I Wanna Go Back To Detroit City
Bloodshot Records, 2017
REVIEW BY: Tom Haugen
ORIGINALLY PUBLISHED: 04/15/2017
It might be easier to list the few things Andre Williams hasn't done in his lengthy career than what he has done. I guess when your work dates back to the '50s and you've been active in just every decade since, that doesn't leave much. And in the case of Williams, who has been a singer, writer, producer, publisher, manager, and a celebrity as well as homeless, it really doesn't leave much.
The title of his fifth album on the Bloodshot label is just that – a return to the city where he began his career after he left Alabama in the '50s. Now you might think that a man nearly 80 years old during this recording might not be able to revisit the sounds of youth with any amount of success, but Andre Williams is far from your standard human being.
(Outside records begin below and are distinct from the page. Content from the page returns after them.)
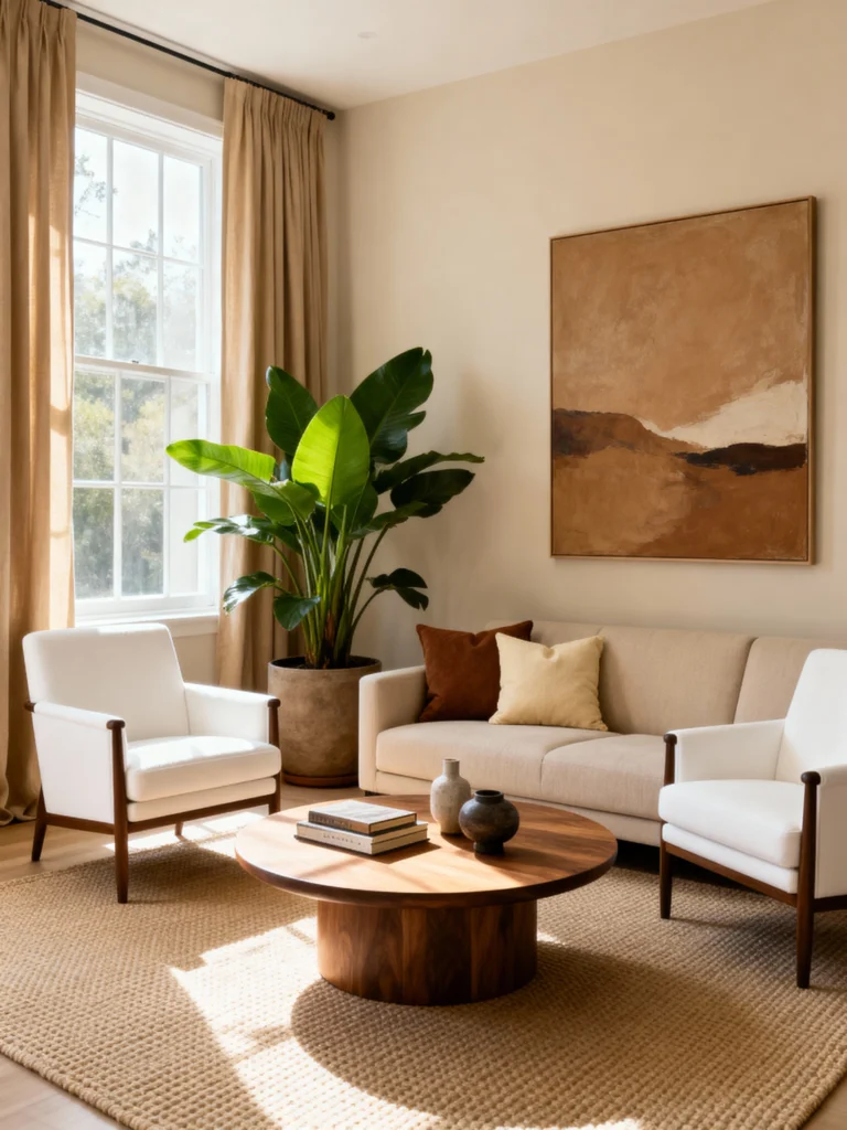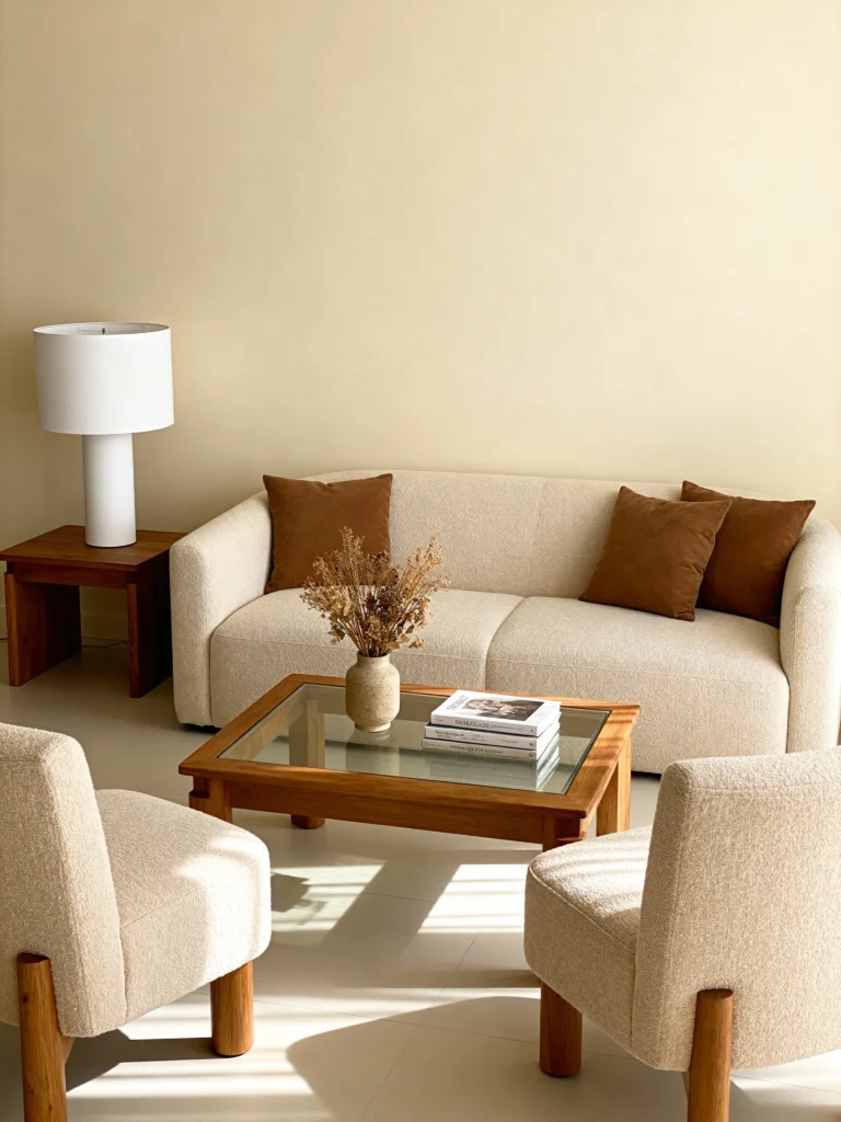 Bring the outdoors in with natural materials like wood, rattan, or stone. A wooden coffee table, a woven basket for storage, or a few potted plants can create an organic feel that’s both stylish and grounding.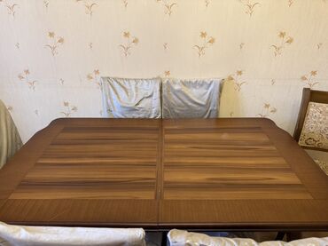 - Ölçü təxmini (şəkillərə əsasən): 6 nəfərlik rahat yerləşim. Masa səthinin ortasında birləşmə xətti var, əlavə lövhə ilə genişlənə bilən konstruksiyanı xatırladır.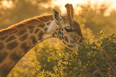 Giraffe grazing from the top of a tree in the savannah. Golden hour lighting and a natural habitat background. Generative AI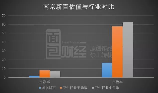 截止2018年7月4日收盤,南京新百總市值146億,市凈率1.8倍,市盈率16.4倍。而統(tǒng)計數(shù)據(jù)顯示,當(dāng)前A股醫(yī)療衛(wèi)生行業(yè)公司,市凈率中位數(shù)為6.96倍,平均數(shù)為8.1倍;市盈率中位數(shù)為62.4倍,平均數(shù)為57.8倍。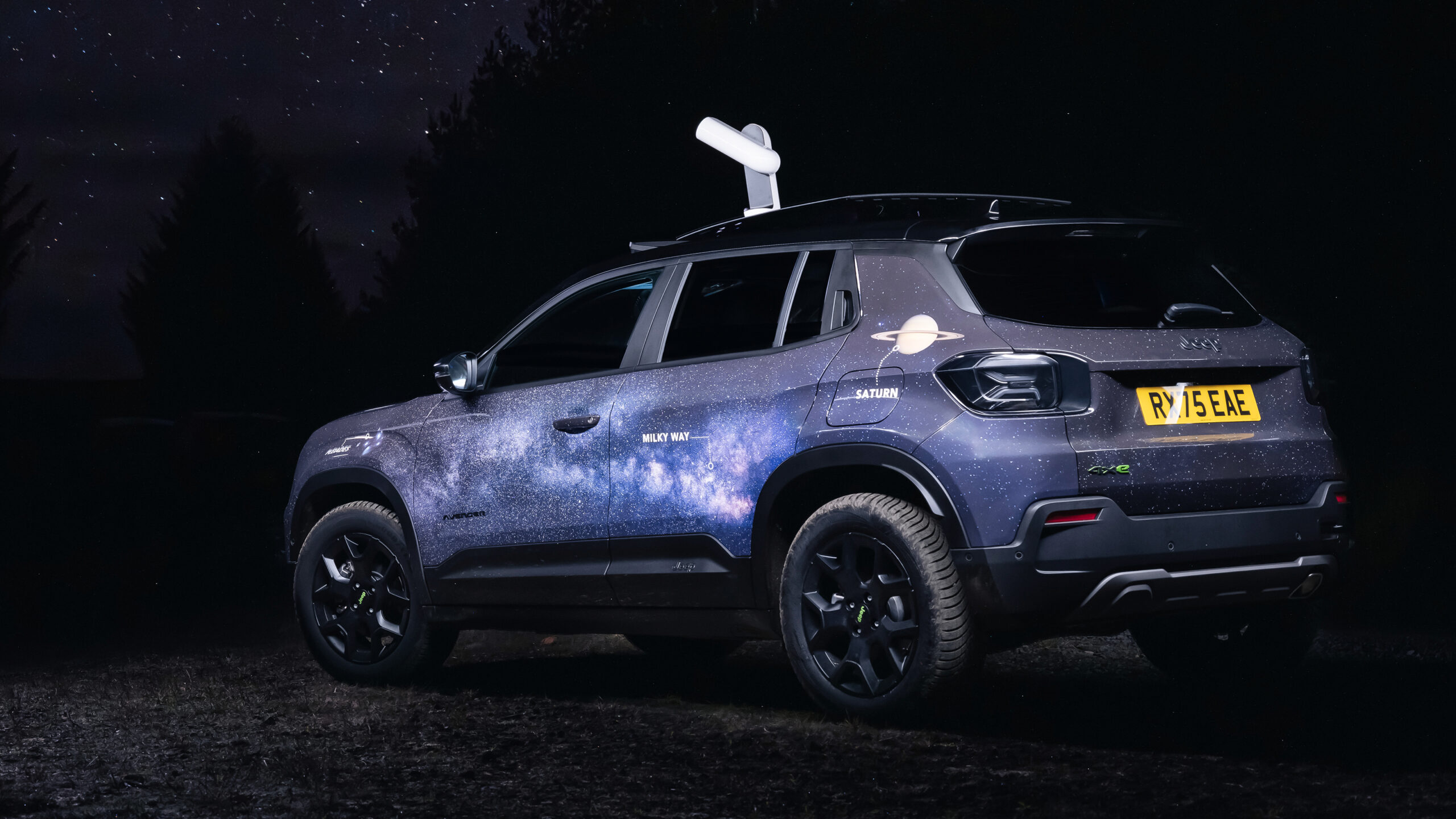 Поэтому бренд объединился с DarkSky UK, некоммерческой организацией, посвященной просвещению людей о их световом загрязнении и выводу их на открытый воздух, чтобы удивляться небу, и превратил свой Avenger 4xe в повсеместную машину для наблюдения за звездами.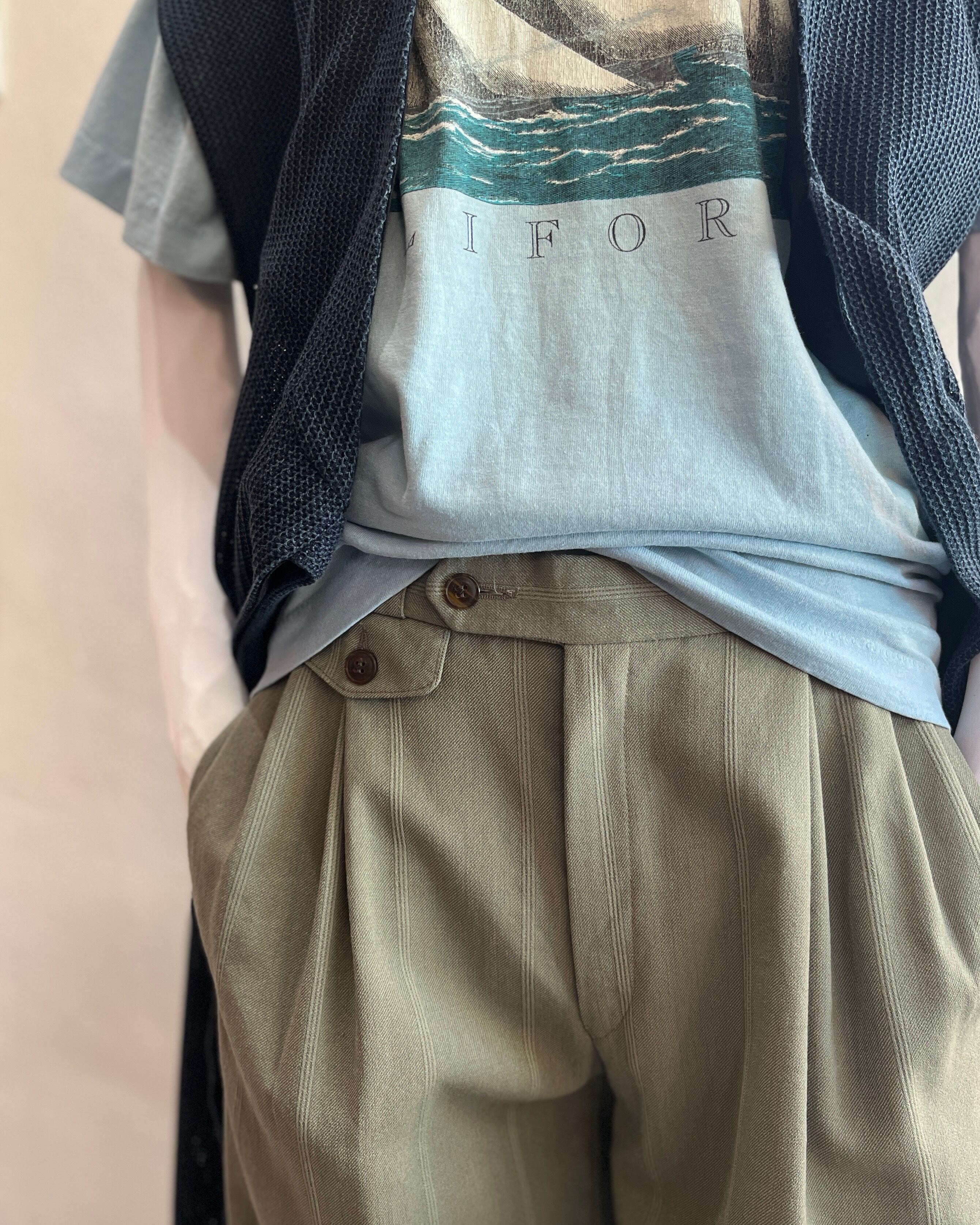 タックインスタイルで、シャツやジャケットとの相性も抜群。

While the music here is a mix of Motor City garage rock and blues, Williams has plenty of stories to tell that are just as much as part of the equation as the sounds. A man that has lived a life full enough for two people, the topics here include life on the streets, an occasional tune about the opposite sex, broken friendships, and his invisibleness to the Rock & Roll Hall of Fame.
Musically, the nine cuts here are all over the place, as are Williams' vocals as he alternates between talking and raspy singing. Bits and pieces of funk, psyche, soul, and blues-influenced rock are found in each song, and the band does a great job of creating a timeless groove. Album highlights like “Meet Me At The Graveyard” with its swampy rock and Tom Waits comparison are up there with the best of the genre, and the percussion heavy “Hall of Fame” puts a unique spin on the album. However, it's the gravelly vocal work and psyche-soul of the title track that really gets to the meat of what Williams is doing best, and thankfully it's a theme that runs through the disc.
Andre Williams has been incredibly prolific for a man now in his eighth decade. For fans of gritty rock similar to The Stooges or The Cramps but who also appreciate the soulfulness of, say, Little Richard or John Lee Hooker, I Wanna Go Back To Detroit City (or anything Williams has done in recent years, really) is a must.